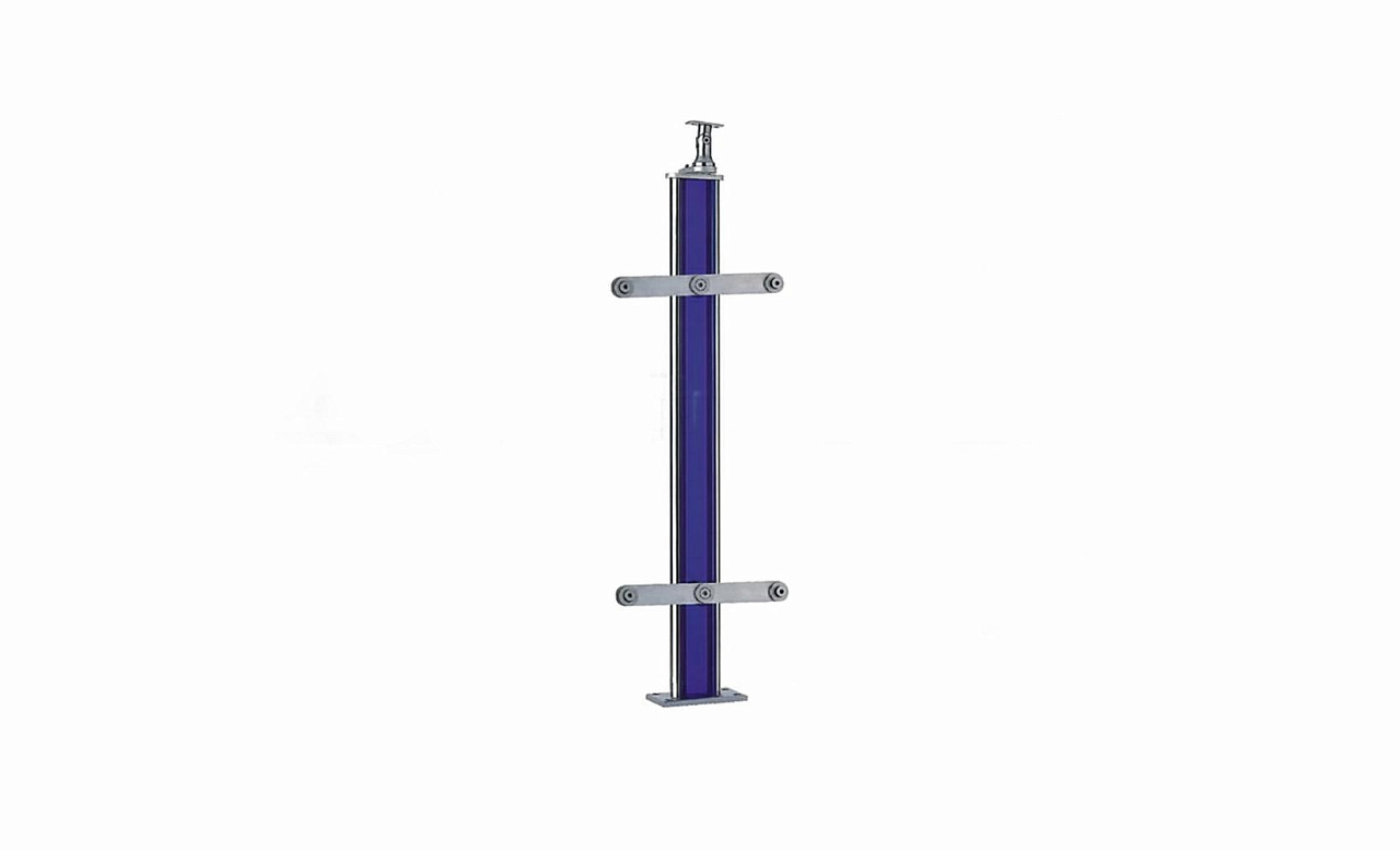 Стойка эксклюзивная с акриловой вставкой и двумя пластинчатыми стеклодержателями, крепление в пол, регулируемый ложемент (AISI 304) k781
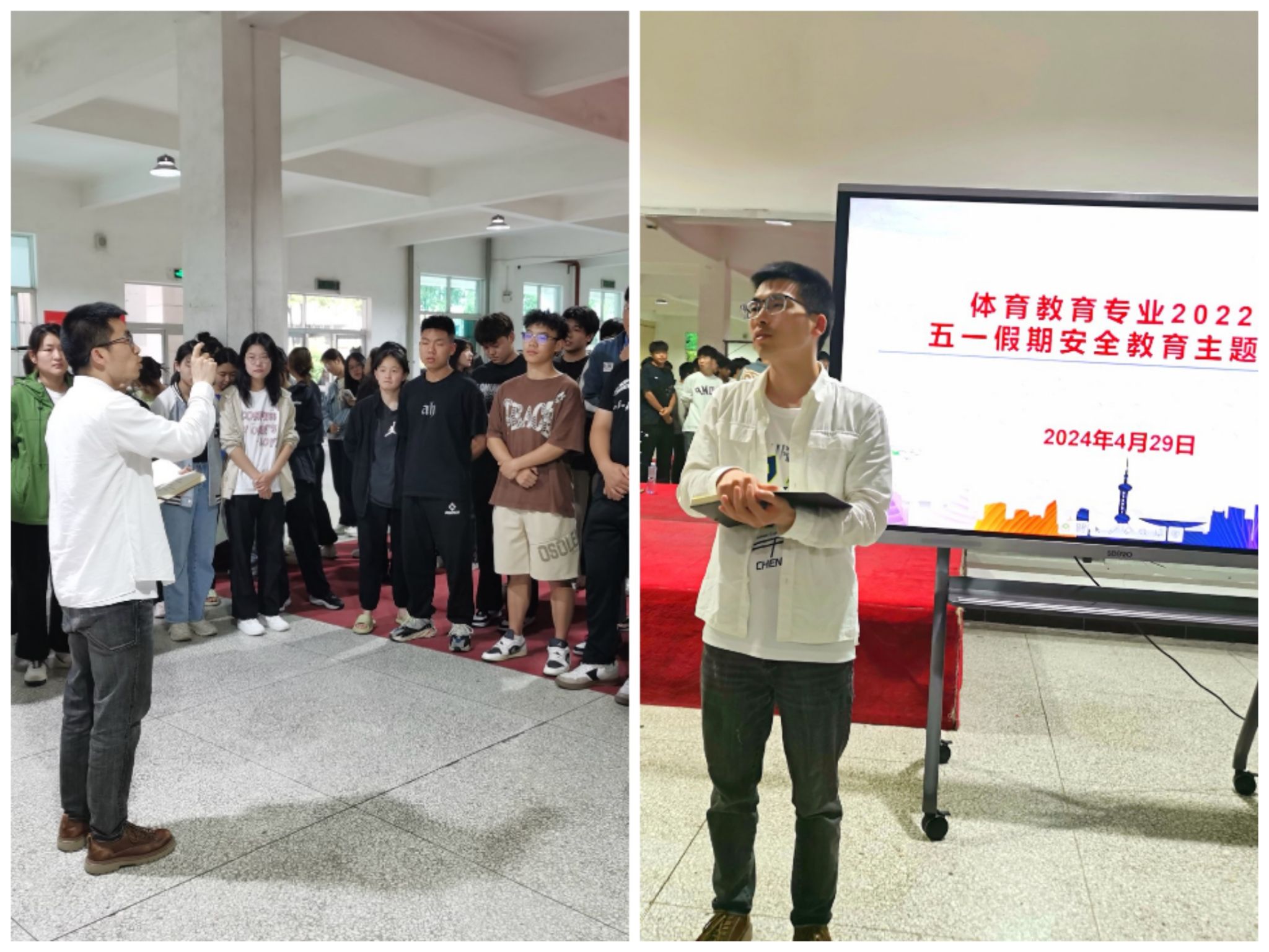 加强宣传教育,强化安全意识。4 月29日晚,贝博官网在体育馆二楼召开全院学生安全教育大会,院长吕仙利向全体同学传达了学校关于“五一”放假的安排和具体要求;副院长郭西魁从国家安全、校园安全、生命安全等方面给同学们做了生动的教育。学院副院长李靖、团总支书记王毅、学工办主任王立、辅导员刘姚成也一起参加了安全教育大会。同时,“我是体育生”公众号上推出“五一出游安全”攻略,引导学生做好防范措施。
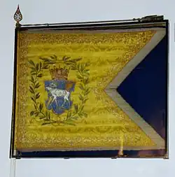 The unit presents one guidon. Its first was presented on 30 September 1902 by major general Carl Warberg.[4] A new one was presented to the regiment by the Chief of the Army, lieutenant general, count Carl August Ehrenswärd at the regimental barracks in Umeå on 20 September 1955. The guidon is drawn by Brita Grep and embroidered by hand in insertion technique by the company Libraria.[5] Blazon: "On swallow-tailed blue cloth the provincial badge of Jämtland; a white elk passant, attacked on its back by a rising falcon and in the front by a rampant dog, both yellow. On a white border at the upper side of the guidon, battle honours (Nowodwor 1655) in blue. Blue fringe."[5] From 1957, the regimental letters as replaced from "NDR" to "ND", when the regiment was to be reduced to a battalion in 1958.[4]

--

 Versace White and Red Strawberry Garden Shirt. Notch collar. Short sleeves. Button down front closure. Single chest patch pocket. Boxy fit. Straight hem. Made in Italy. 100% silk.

==

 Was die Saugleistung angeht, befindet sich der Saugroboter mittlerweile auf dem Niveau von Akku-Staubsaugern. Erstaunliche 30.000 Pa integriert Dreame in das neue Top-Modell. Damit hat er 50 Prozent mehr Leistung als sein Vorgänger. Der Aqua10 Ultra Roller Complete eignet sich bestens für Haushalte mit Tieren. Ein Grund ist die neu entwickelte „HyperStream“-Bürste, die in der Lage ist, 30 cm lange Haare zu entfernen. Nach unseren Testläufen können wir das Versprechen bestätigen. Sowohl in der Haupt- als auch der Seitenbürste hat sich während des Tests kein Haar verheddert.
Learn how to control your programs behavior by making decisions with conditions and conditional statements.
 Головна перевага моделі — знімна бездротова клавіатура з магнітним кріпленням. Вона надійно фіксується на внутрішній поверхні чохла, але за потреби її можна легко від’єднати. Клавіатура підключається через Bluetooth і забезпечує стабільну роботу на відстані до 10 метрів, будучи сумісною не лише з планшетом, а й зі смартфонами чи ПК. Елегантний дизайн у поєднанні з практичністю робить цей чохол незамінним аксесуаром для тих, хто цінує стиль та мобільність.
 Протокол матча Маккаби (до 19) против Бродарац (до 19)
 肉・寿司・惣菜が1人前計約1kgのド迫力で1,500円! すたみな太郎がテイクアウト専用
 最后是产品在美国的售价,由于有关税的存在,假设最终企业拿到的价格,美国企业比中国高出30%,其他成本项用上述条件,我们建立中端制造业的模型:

Exercise directions
The answer is the lines above from the one with "Стойка эксклюзивная с" to the one with "The unit presents", set down exactly, with no pictures.

Answer to this problem
 Стойка эксклюзивная с акриловой вставкой и двумя пластинчатыми стеклодержателями, крепление в пол, регулируемый ложемент (AISI 304) k781
 加强宣传教育,强化安全意识。4 月29日晚,贝博官网在体育馆二楼召开全院学生安全教育大会,院长吕仙利向全体同学传达了学校关于“五一”放假的安排和具体要求;副院长郭西魁从国家安全、校园安全、生命安全等方面给同学们做了生动的教育。学院副院长李靖、团总支书记王毅、学工办主任王立、辅导员刘姚成也一起参加了安全教育大会。同时,“我是体育生”公众号上推出“五一出游安全”攻略,引导学生做好防范措施。
 The unit presents one guidon. Its first was presented on 30 September 1902 by major general Carl Warberg.[4] A new one was presented to the regiment by the Chief of the Army, lieutenant general, count Carl August Ehrenswärd at the regimental barracks in Umeå on 20 September 1955. The guidon is drawn by Brita Grep and embroidered by hand in insertion technique by the company Libraria.[5] Blazon: "On swallow-tailed blue cloth the provincial badge of Jämtland; a white elk passant, attacked on its back by a rising falcon and in the front by a rampant dog, both yellow. On a white border at the upper side of the guidon, battle honours (Nowodwor 1655) in blue. Blue fringe."[5] From 1957, the regimental letters as replaced from "NDR" to "ND", when the regiment was to be reduced to a battalion in 1958.[4]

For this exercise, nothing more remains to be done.